Task details
Restate word for word the lines of the entries below, starting with the line that holds "White and blue" and ending with the line that holds "b. Conector paralelo: Conecta", and no others.

Information supplied
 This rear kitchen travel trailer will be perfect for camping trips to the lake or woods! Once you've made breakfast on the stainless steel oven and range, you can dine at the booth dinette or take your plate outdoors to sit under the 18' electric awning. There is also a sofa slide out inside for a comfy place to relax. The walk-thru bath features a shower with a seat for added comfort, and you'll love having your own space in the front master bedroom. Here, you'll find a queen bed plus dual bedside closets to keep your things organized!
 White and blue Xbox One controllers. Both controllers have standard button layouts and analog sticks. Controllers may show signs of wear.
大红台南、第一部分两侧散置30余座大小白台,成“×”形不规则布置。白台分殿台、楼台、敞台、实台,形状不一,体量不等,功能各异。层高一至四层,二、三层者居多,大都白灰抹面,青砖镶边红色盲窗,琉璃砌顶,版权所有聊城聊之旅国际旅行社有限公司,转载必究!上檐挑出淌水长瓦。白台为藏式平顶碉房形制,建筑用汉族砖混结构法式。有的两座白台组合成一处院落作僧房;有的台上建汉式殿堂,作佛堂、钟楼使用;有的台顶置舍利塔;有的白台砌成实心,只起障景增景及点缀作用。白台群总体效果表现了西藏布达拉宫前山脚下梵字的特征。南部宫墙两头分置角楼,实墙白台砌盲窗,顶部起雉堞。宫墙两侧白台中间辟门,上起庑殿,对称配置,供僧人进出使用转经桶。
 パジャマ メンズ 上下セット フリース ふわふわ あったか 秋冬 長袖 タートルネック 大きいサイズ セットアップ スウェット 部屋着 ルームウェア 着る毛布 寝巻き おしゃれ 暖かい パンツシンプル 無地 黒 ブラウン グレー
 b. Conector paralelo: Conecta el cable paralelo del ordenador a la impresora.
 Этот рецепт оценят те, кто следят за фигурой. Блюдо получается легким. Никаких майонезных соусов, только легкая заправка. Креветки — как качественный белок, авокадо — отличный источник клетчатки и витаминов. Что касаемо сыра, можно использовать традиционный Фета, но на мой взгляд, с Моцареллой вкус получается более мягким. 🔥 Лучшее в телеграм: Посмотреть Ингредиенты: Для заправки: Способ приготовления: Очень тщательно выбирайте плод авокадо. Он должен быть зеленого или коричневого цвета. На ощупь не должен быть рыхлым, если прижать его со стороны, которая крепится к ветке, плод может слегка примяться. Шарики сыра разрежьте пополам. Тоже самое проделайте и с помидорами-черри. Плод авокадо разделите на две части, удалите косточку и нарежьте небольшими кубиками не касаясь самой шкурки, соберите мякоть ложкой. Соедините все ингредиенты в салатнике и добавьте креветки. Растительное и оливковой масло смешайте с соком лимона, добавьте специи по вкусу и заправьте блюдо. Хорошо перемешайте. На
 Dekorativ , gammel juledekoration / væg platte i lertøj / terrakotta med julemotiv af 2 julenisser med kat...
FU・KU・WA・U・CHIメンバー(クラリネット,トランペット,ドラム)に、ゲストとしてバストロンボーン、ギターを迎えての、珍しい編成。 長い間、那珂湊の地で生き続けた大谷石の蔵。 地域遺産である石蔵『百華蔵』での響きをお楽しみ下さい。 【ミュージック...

Written answer
 White and blue Xbox One controllers. Both controllers have standard button layouts and analog sticks. Controllers may show signs of wear.
大红台南、第一部分两侧散置30余座大小白台,成“×”形不规则布置。白台分殿台、楼台、敞台、实台,形状不一,体量不等,功能各异。层高一至四层,二、三层者居多,大都白灰抹面,青砖镶边红色盲窗,琉璃砌顶,版权所有聊城聊之旅国际旅行社有限公司,转载必究!上檐挑出淌水长瓦。白台为藏式平顶碉房形制,建筑用汉族砖混结构法式。有的两座白台组合成一处院落作僧房;有的台上建汉式殿堂,作佛堂、钟楼使用;有的台顶置舍利塔;有的白台砌成实心,只起障景增景及点缀作用。白台群总体效果表现了西藏布达拉宫前山脚下梵字的特征。南部宫墙两头分置角楼,实墙白台砌盲窗,顶部起雉堞。宫墙两侧白台中间辟门,上起庑殿,对称配置,供僧人进出使用转经桶。
 パジャマ メンズ 上下セット フリース ふわふわ あったか 秋冬 長袖 タートルネック 大きいサイズ セットアップ スウェット 部屋着 ルームウェア 着る毛布 寝巻き おしゃれ 暖かい パンツシンプル 無地 黒 ブラウン グレー
 b. Conector paralelo: Conecta el cable paralelo del ordenador a la impresora.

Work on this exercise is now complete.